Künstliche Intelligenz

"Möchte nicht Teil meiner eigenen Abschaffung sein": Synchronsprecher verweigern Netflix-Vertrag wegen KI

08.06.2026 von SWYRL/Jan-Niklas Jäger

Produktionsfirmen setzen immer stärker auf Künstliche Intelligenz, so auch Netflix. Der Streaminganbieter möchte Synchronsprecher durch eine Vertragsklausel dazu verpflichten, ihre Stimmen für KI-Schulungen zur Verfügung zu stellen - doch die stellen sich quer.

Ihre Namen kennt kaum jemand, ihre Stimmen fast jeder: Synchronsprecherinnen und -sprecher sind die unbesungenen Helden der Film- und Fernsehlandschaft. Eine Standardpraxis in der Branche steht nun wegen eines Streits rund um das Thema Künstliche Intelligenz auf dem Spiel: Bekanntere Schauspielerinnen und Schauspieler haben in der Regel feste Synchronsprecherinnen oder -sprecher, damit das Publikum nicht von ständig wechselnden Stimmen der Stars irritiert werden.

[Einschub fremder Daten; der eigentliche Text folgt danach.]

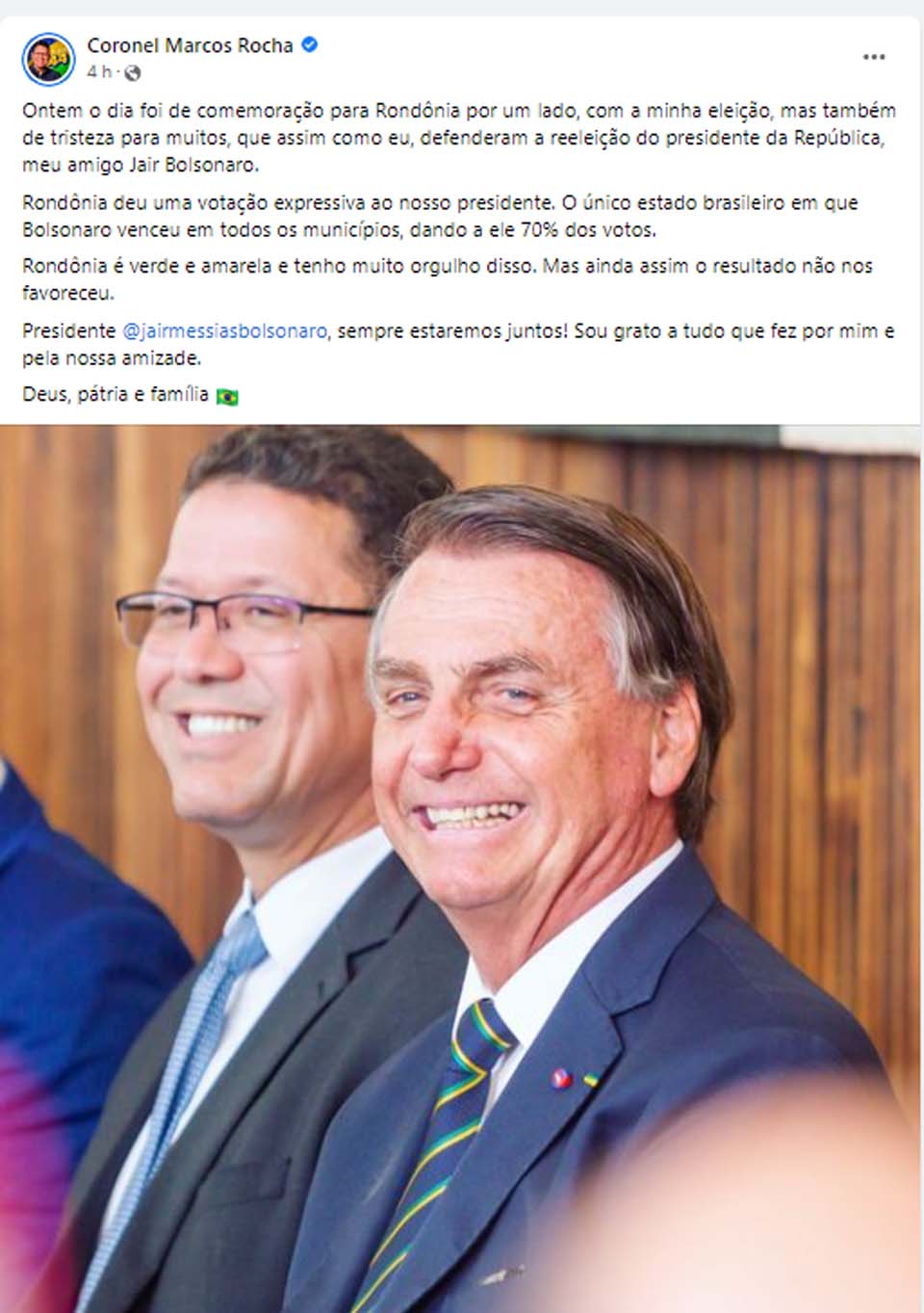 “Ontem o dia foi de comemoração para Rondônia por um lado, com a minha eleição, mas também de tristeza para muitos, que assim como eu, defenderam a reeleição do presidente da República, meu amigo Jair Bolsonaro”, destacou.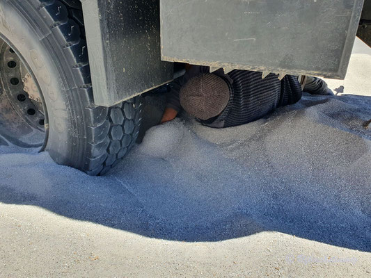 Nach diesem Ausflug geht es weiter mit beiden Fahrzeugen südwärts. Durch die ersten Dünenlandschaften erreichen wir das
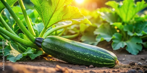 A vibrant green zucchini rests gently on fertile soil, bathed in the warm glow of the setting sun, its leaves showcasing the lushness of a thriving garden
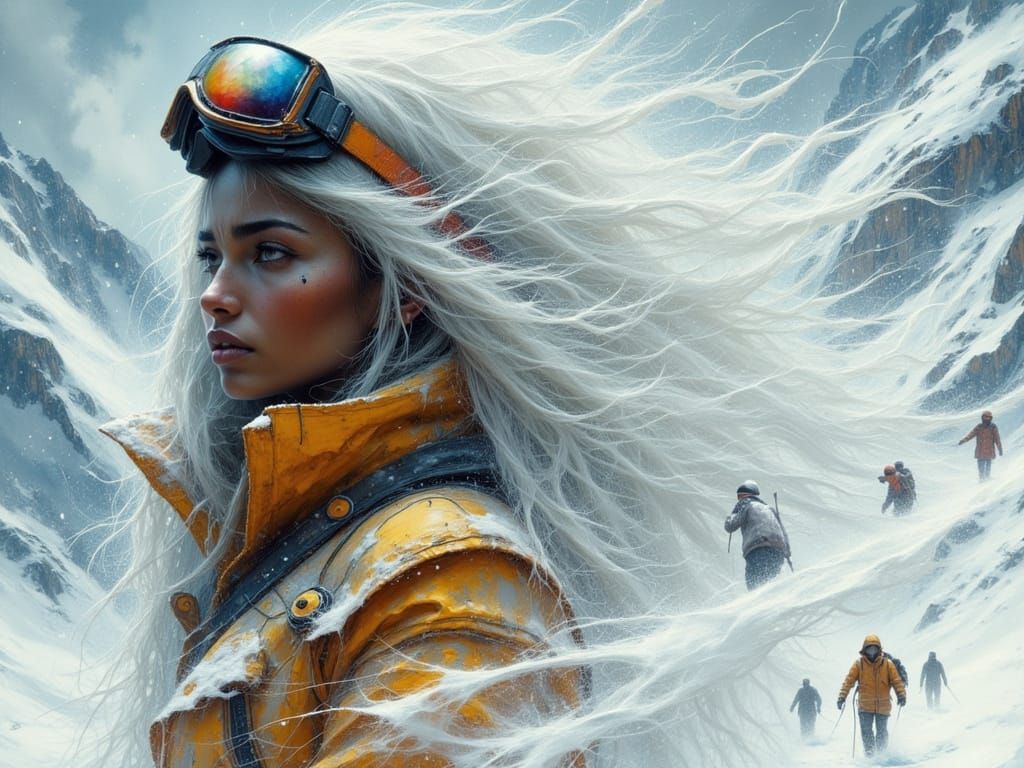 A digital painting of a dark-skinned woman with long white hair, set against a snowy scene with skiers. The artwork evokes atmospheric lighting and a blend of digital and traditional painting techniques.
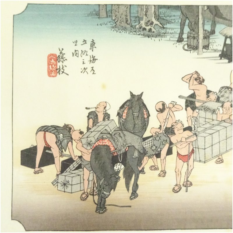 歌川広重 東海道五十三次 「藤枝」 手摺浮世絵版画

Kunden von Netflix werden auf diesen Wiedererkennungsfaktor bei einigen Produktionen erst einmal verzichten müssen. Denn bekannte Synchronsprecherinnen und -sprecher wie Martin Umbach, Matti Klemm, Anne Vielhaben und Natascha Geisler weigern sich, ihre Unterschriften unter einen neuen Vertrag zu setzen, der eine umstrittene KI-Klausel beinhaltet. Diese sieht vor, dass die Synchronsprecherinnen und -sprecher Netflix das Recht geben, ihre Stimme für KI-Training zur Verfügung zur stellen. Eine zusätzliche Vergütung dafür sieht der Vertrag nicht vor.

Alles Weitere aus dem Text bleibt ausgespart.